Sensitive data: Personal data relating to a data subject which reveals their:
- racial or ethnic origin;
- political opinions;
- religious beliefs or philosophical beliefs;
- membership of a trade union;
- physical or mental health or condition;
- sexual life;
- filiation;
- personal financial information
- any commission or alleged commission by them of any offence;
- any proceedings for any offence committed or alleged to have been committed by them, the disposal of such proceedings, or the sentence of any court in such proceedings; and
- genetic data, biometric data, and the personal data of minors.
Transborder flow: means the international flow of personal data which can either be transmitted by electronic or other forms of transmission, including satellite.
A data controller shall ensure that the following requirements for processing are adhered to:
- consent
- fair and lawful processing
- adequate and relevant information is collected and used
- personal data must be collected for a specific, explicitly stated and legitimate purpose
- personal data must be accurate, complete and kept up to date
- personal data collected will be protected by reasonable security safeguards against risks such as loss, unauthorized access, destruction, use, modification, or disclosure
- personal data is not kept for a period longer than necessary
- personal data is processed in accordance with good practice
With all the above, how does one comply with the Data Protection Act to ensure that come the 15 October 2022 their ducks are in a row?

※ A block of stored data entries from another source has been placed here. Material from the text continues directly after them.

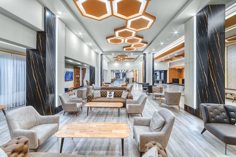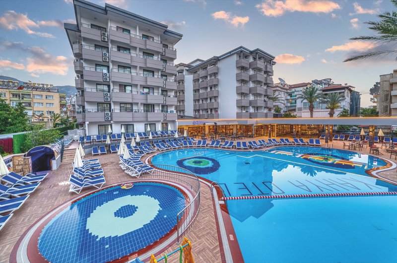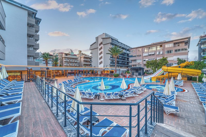 Die Ferienanlage bietet Ihnen 246 Zimmer, die sich auf drei Gebäude mit jeweils fünf Etagen verteilen. Zu den Annehmlichkeiten gehören die Empfangshalle mit Rezeption, Sitzgruppen und Lobbybar sowie Lifts in allen Gebäuden, das Hauptrestaurant mit Terrasse, eine Sat.-TV Ecke, ein Friseur und ein Hallenbad. Wi-Fi ist im ganzen Hotelbereich inklusive. Im gepflegten Außenbereich ist der Swimmingpool (kühl- und im Winter auch heizbar) mit zwei Wasserrutschen (stundenweise) und separatem Kinderbecken, eine Pool-/Snackbar und die Sonnenterrasse. Hier sind Liegen und Sonnenschirme inklusive. Am Strand sind Liegen, Schirme und Auflagen gebührenpflichtig.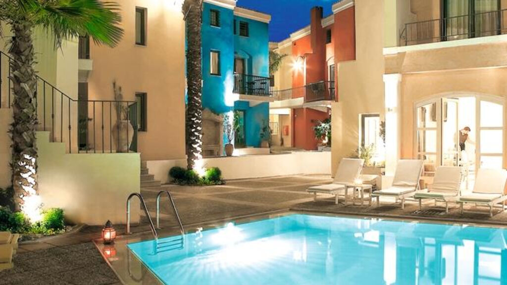 Hotelový komplex u dlouhé písečné pláže, cca 80 km od letiště Heraklion a cca 3 km od přístavu města Rethymnon. V okolí mnoho obchodů, taveren a restaurací.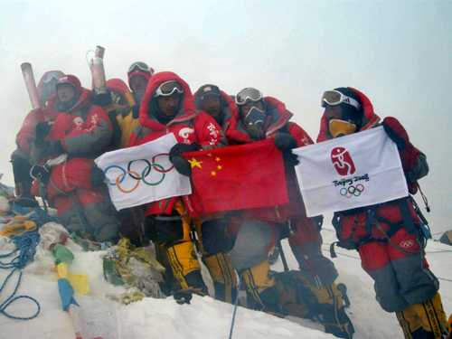 2008年5月8日9时17分,人类首次将象征“和平、有益、进步”的奥运火炬在世界最高峰上点燃。
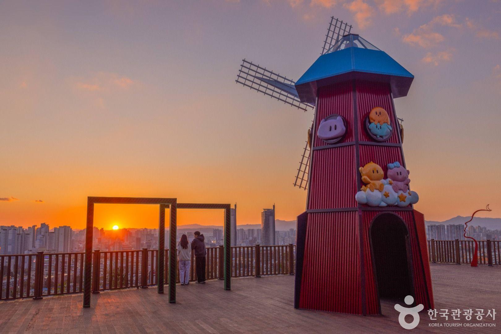 대동하늘공원에는 공원의 상징과도 같은 풍차가 있는 곳이 노을 명소로 소문난 곳이다. 그러니 해가 지기 전에 풍차에 도착해야 풍차가 돌아가는 동산에 서서 도시 너머로 노을이 지는 풍경을 제대로 감상할수 있다.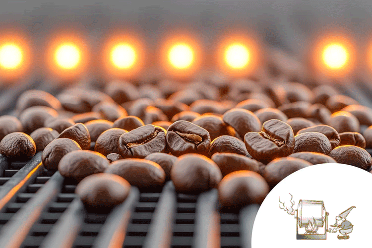 当店では、「遠赤外線焙煎機」を使用して焙煎を行っております。遠赤外線のもつ「物質の分子を振動させる働き」により、一般的な熱焙煎機と比べ、じっくりと豆の内部まで加熱することができ、芯からふっくら香り高いコーヒー・カカオを焙煎することができます。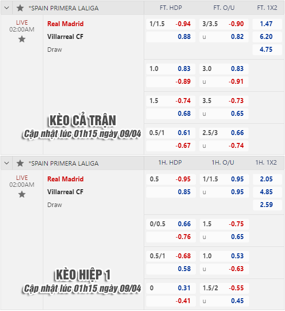 AEGoal chốt kèo bóng đá trực tiếp trận Real Madrid vs Villarreal diễn ra lúc 02h00 ngày 09/4 trong khuôn khổ giải VĐQG Tây Ban Nha sau khi dựa trên tính toán, chuyển động về kèo châu Á và Đội hình ra sân của 2 đội.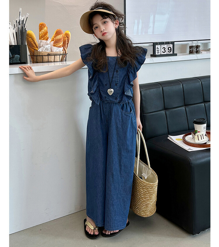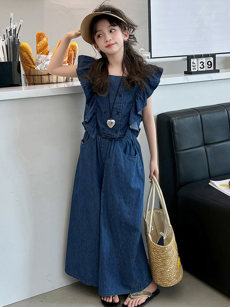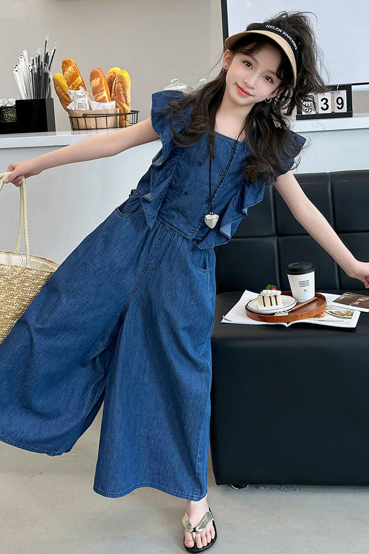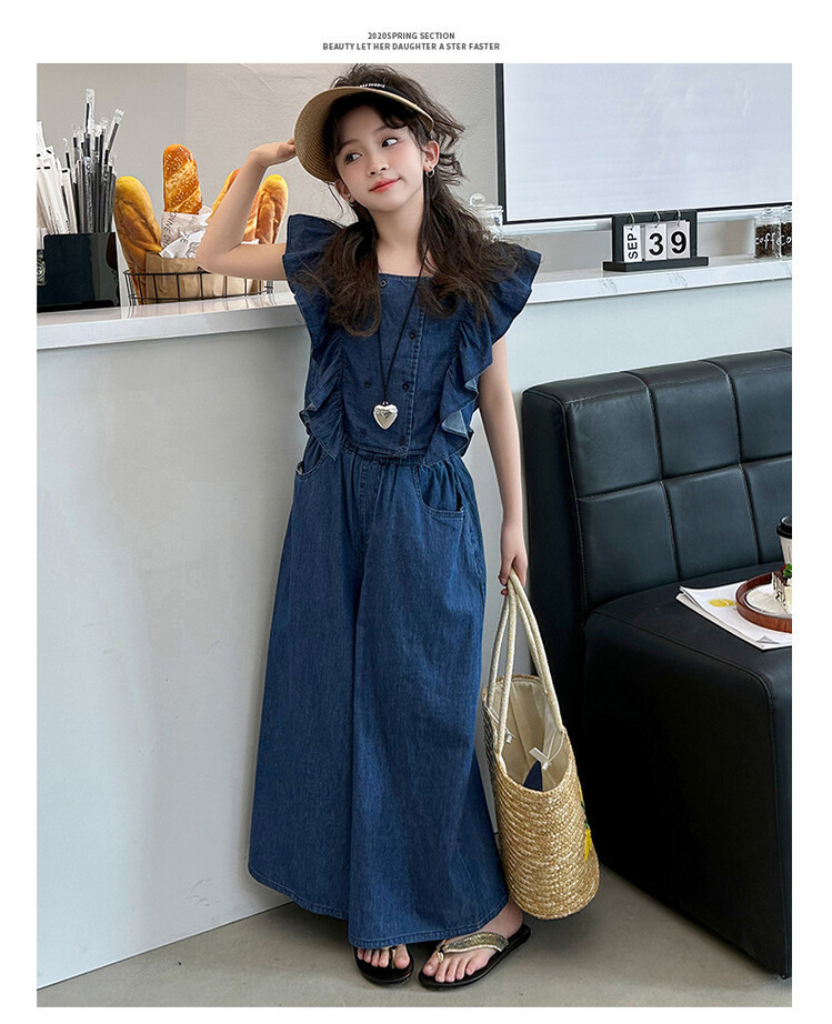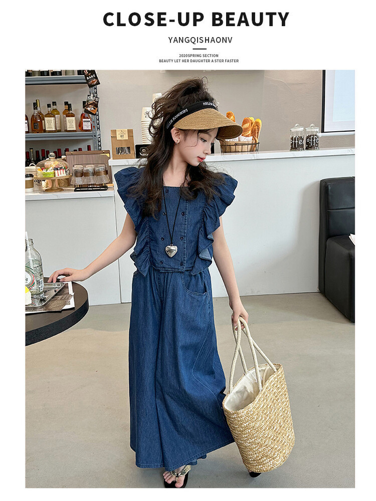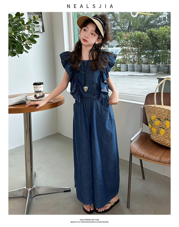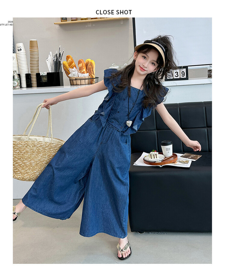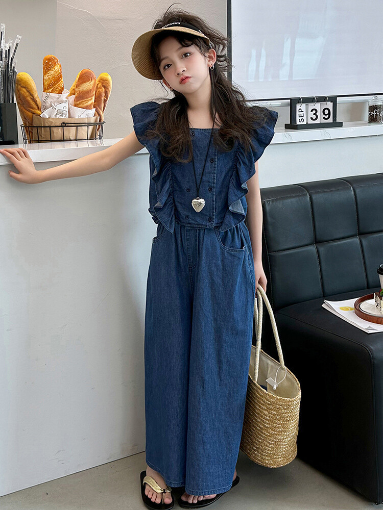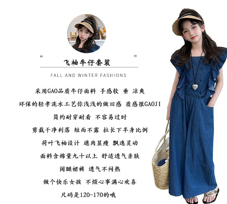 소녀 플라잉 슬리브 세트 2024 새로운 여름 원피스 큰 소년 소녀 얇은 데님 넓은 다리 바지 여름 투피스 유행 세트스토어 가기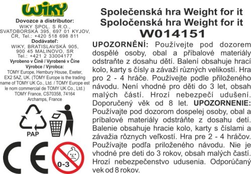 Fat Brain Společenská hra Weight for it. Balení obsahuje hrací kolo, karty s čísly a závaží různých velikostí. Hra pro 2 - 4 hráče. Vytáhněte si kartu a umístěte závaží na vhodné místo tak, aby se číslo na obvodu kola zastavilo na vaší šipce hodnotou shodnou s vytaženou kartou.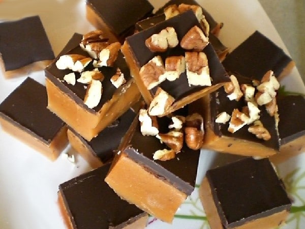 Bouchées au chocolat noir et caramel aux éclats de noix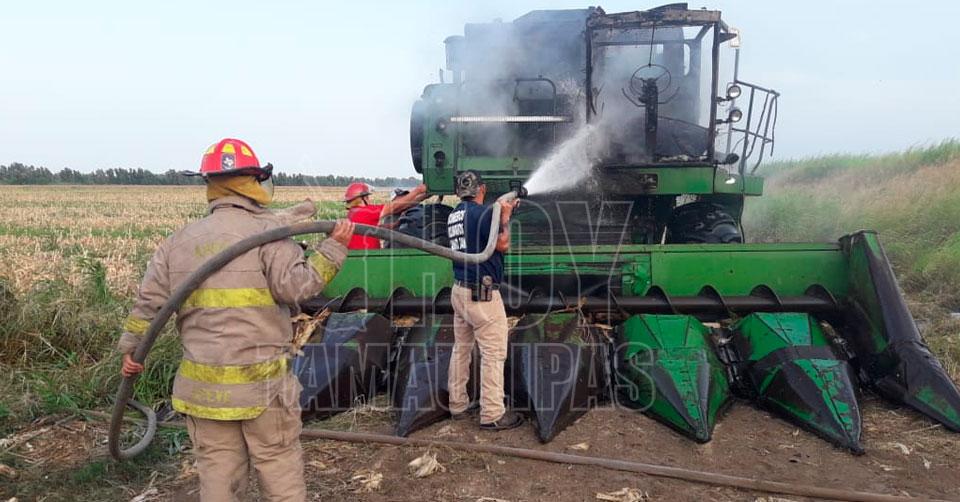 Se incendia trilladora Jhon Deere en parcela de Camargo, Tamaulipas

Data protection requires a holistic approach to system design that incorporates a combination of legal, administrative, and technical. Below are 5 practical steps that encapsulate this combination that will cost you little to nothing:
- Conduct a data inventory – basically a checklist of all data processed by the organization. Note down the reasons for collection, where it is stored (cloud or physical cupboard), which department keeps the largest volumes of data, and how long it is stored (look at the different legislation which gives an indication of how long data should be stored i.e., employee data – Employment Act, director information – Companies Act etc.…
- Appoint a data protection representative so they can be responsible for ensuring that your organization is consistently complying with the Data Protection Act
- Secure data – any data in an organization must be either physically secured i.e., locked up in a cupboard and stored in a cloud or ensure your computers/electronic devices have strong passwords which are regularly changed
- “The clean desk” habit – practice shredding unwanted or no longer used documents and always leave your desk empty when you’re not using it, so information is not laying around for any eye to catch
- Ensure that your software and anti-virus systems are updated regularly to limit the chances of hacking
An ordinary person processing personal data in contravention of the Data Protection Act is liable to a fine not exceeding BWP 300 000. A data controller, on the other hand, who processes personal data in contravention of the Act will be liable to a fine not exceeding BWP 500 000 or imprisonment not exceeding nine years. An ordinary person who processes sensitive personal data in contravention of the Data Protection Act will be liable to a fine not exceeding BWP 1 million.
Lebogang George is an admitted attorney in Botswana and an associate in the Corporate Commercial Department at Desai Law Group. She spent more than a decade working in South Africa. It is in South Africa where she expanded her knowledge and focus on Corporate Commercial Law as well as Data Privacy and Data Protection Law, IT Governance as well as Cyber Security.
Lebogang's experience in Data Protection and Privacy Law spans across South Africa and the European Union and has advised clients in both public and private sectors. She has recently taken a keen interest in the Botswana Data Protection Act and provides advice on the Botswana DPA.